START Data for analysis

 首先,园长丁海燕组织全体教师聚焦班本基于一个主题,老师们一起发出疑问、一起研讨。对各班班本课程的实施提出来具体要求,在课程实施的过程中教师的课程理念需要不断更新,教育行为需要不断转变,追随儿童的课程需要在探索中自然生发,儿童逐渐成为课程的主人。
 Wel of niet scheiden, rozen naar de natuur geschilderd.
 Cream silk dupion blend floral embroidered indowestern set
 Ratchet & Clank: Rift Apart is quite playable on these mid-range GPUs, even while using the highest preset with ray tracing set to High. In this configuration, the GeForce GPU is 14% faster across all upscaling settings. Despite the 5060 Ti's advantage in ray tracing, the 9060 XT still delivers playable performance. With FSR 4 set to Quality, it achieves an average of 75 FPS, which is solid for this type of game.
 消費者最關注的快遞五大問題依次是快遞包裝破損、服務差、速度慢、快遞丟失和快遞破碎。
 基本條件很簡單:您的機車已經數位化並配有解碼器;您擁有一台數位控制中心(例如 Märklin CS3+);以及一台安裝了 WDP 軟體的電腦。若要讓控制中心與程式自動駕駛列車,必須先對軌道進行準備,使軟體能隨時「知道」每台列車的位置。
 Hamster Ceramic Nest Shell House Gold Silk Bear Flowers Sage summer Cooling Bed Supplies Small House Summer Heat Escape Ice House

END Data for analysis
START Data for analysis

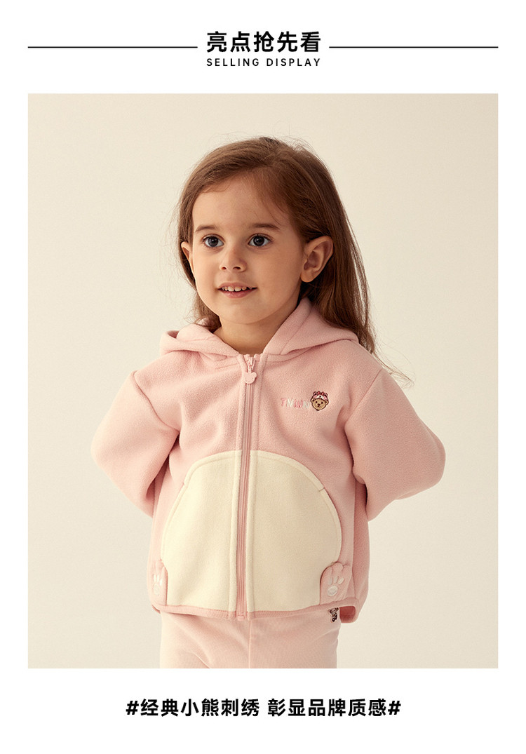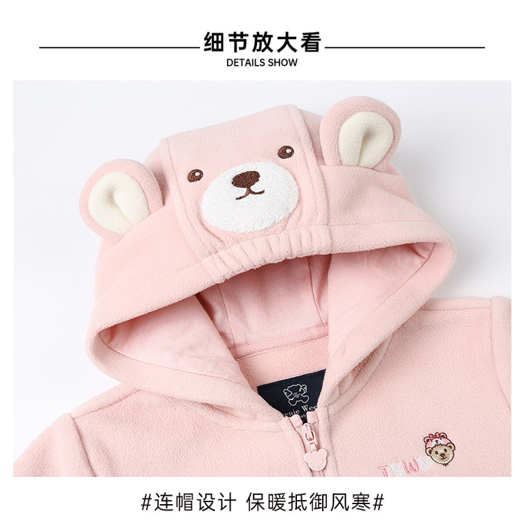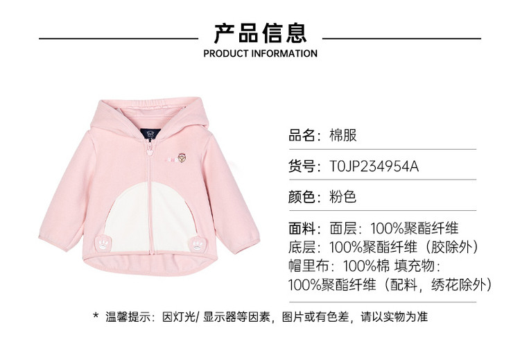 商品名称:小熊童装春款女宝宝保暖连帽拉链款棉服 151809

END Data for analysis
START Data for analysis

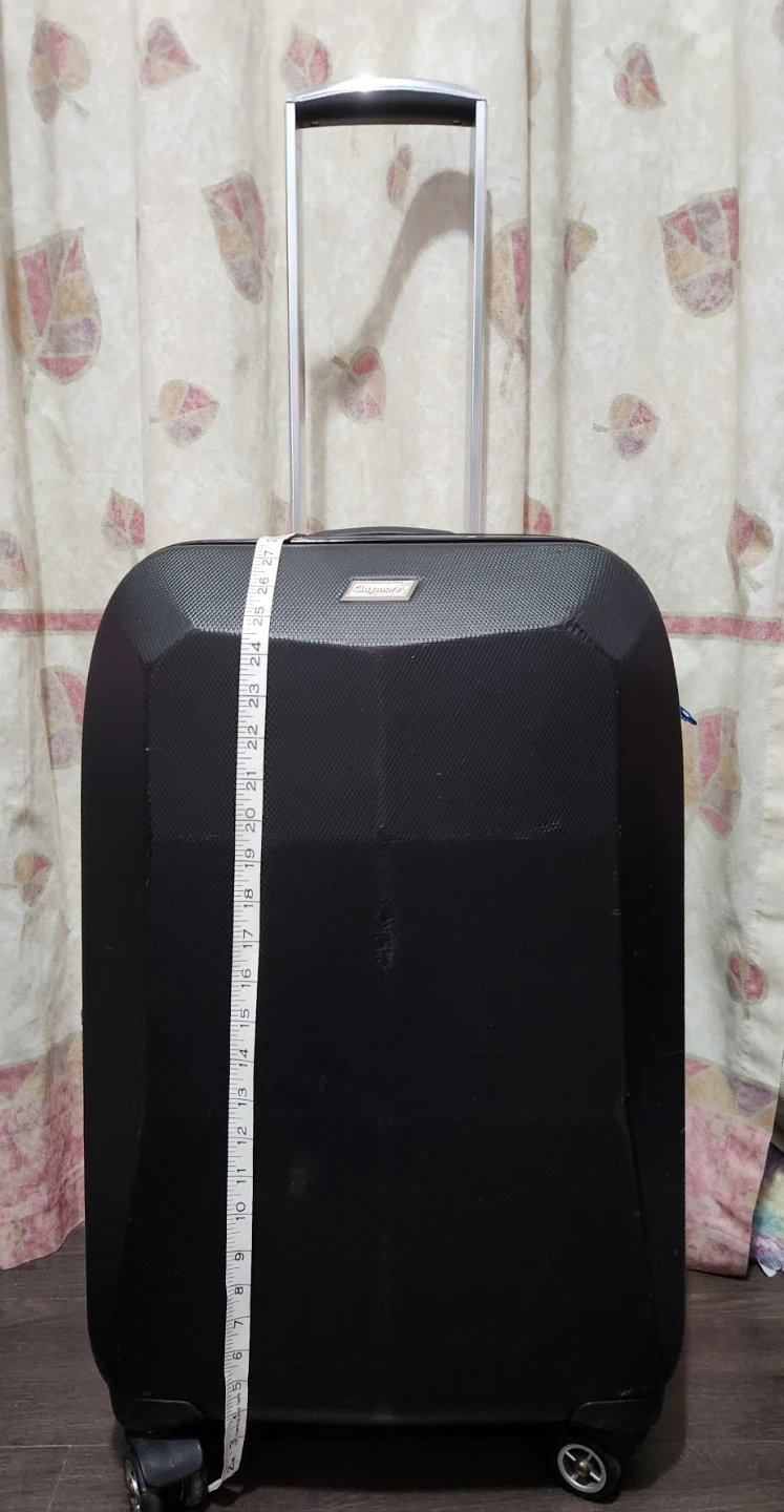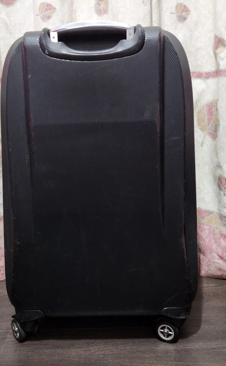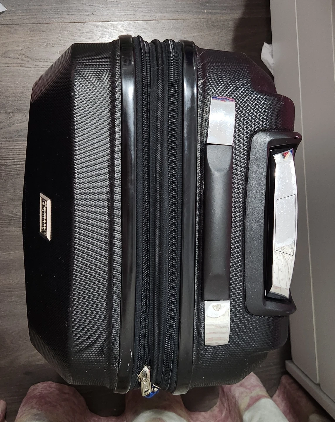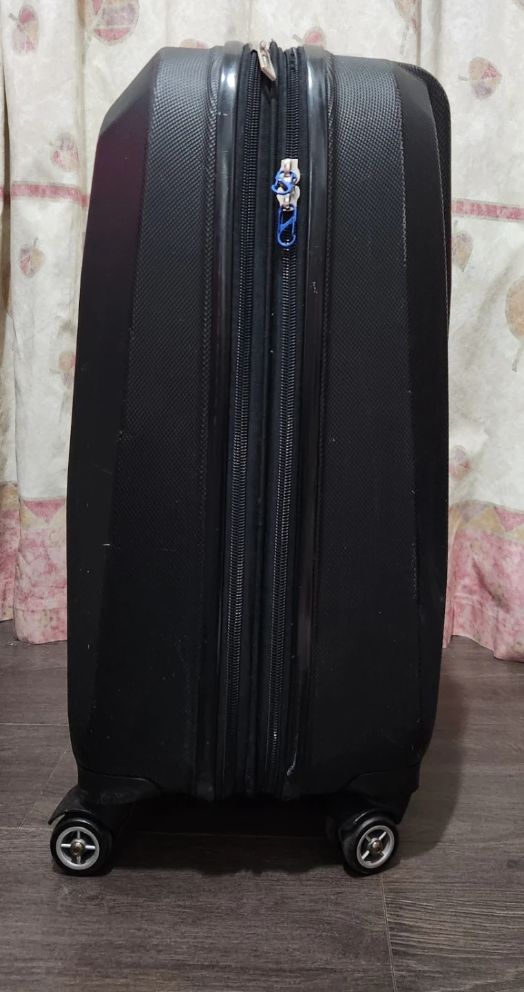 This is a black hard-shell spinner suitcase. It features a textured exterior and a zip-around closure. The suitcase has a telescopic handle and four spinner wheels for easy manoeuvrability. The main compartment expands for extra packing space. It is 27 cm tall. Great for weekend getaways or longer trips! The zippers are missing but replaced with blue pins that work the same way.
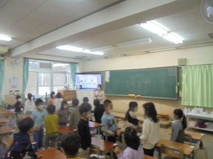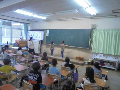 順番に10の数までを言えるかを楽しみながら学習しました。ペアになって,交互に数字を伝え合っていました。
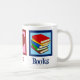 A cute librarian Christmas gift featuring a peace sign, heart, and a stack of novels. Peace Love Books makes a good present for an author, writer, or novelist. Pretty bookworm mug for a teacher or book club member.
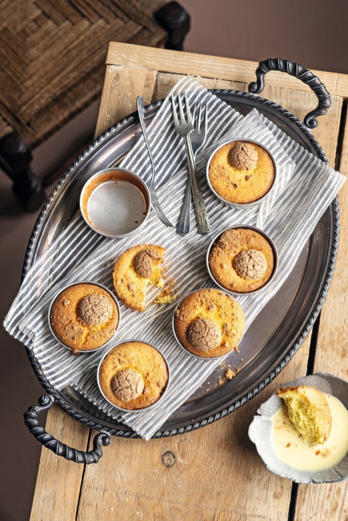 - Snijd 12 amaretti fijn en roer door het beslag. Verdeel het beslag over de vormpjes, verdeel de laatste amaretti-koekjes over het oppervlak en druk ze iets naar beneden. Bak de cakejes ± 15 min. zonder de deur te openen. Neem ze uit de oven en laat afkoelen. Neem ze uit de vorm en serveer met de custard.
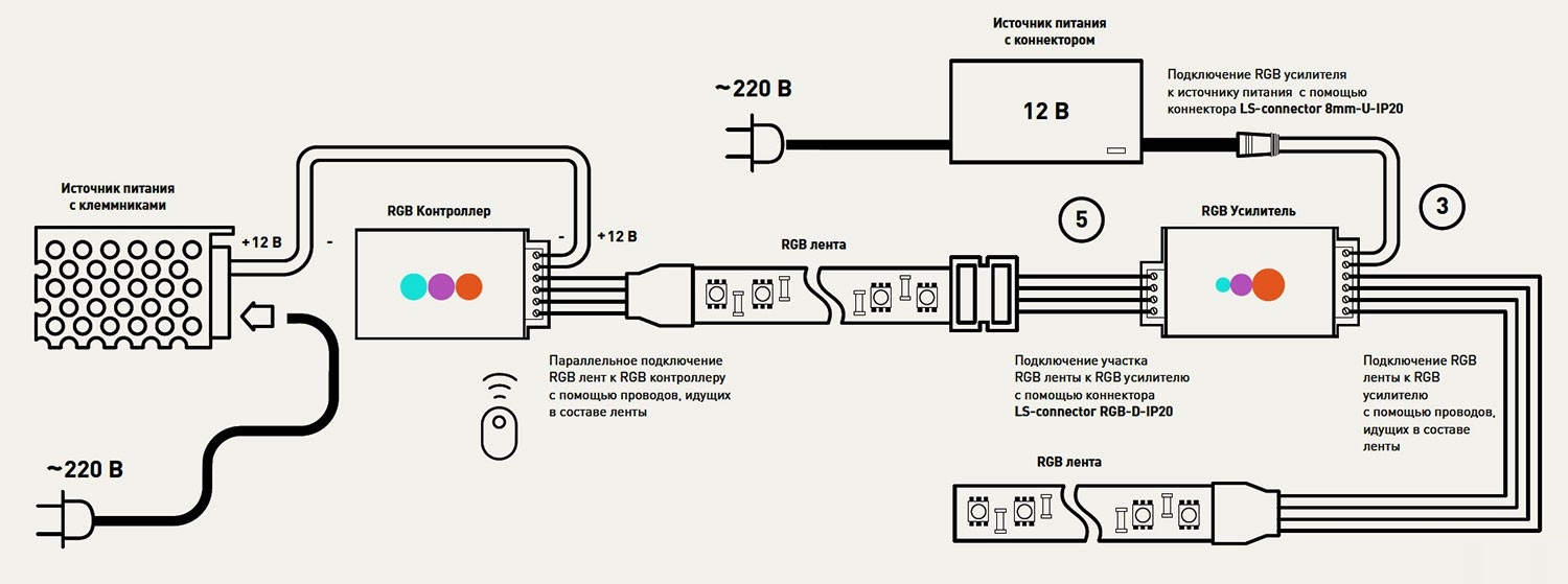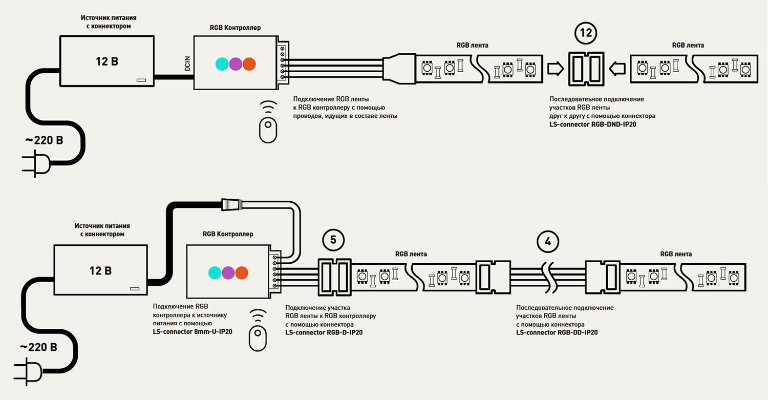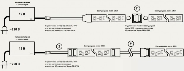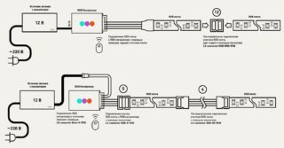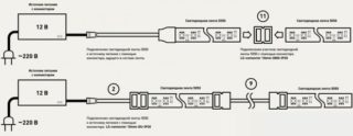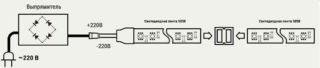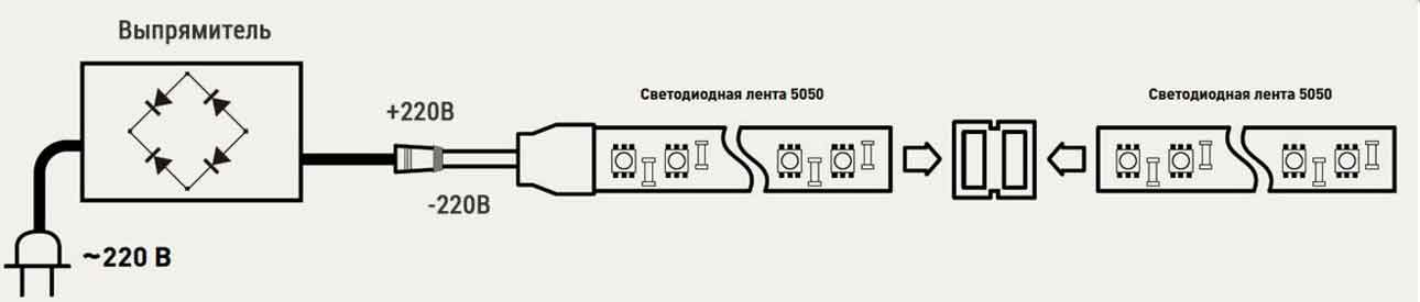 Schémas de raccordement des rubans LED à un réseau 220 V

END Data for analysis

The answer is the lines above between the line holding "Wel of niet" and the line holding "Hamster Ceramic Nest", inclusive, each written out exactly, and no others.

### [Exercise response]
 Wel of niet scheiden, rozen naar de natuur geschilderd.
 Cream silk dupion blend floral embroidered indowestern set
 Ratchet & Clank: Rift Apart is quite playable on these mid-range GPUs, even while using the highest preset with ray tracing set to High. In this configuration, the GeForce GPU is 14% faster across all upscaling settings. Despite the 5060 Ti's advantage in ray tracing, the 9060 XT still delivers playable performance. With FSR 4 set to Quality, it achieves an average of 75 FPS, which is solid for this type of game.
 消費者最關注的快遞五大問題依次是快遞包裝破損、服務差、速度慢、快遞丟失和快遞破碎。
 基本條件很簡單:您的機車已經數位化並配有解碼器;您擁有一台數位控制中心(例如 Märklin CS3+);以及一台安裝了 WDP 軟體的電腦。若要讓控制中心與程式自動駕駛列車,必須先對軌道進行準備,使軟體能隨時「知道」每台列車的位置。
 Hamster Ceramic Nest Shell House Gold Silk Bear Flowers Sage summer Cooling Bed Supplies Small House Summer Heat Escape Ice House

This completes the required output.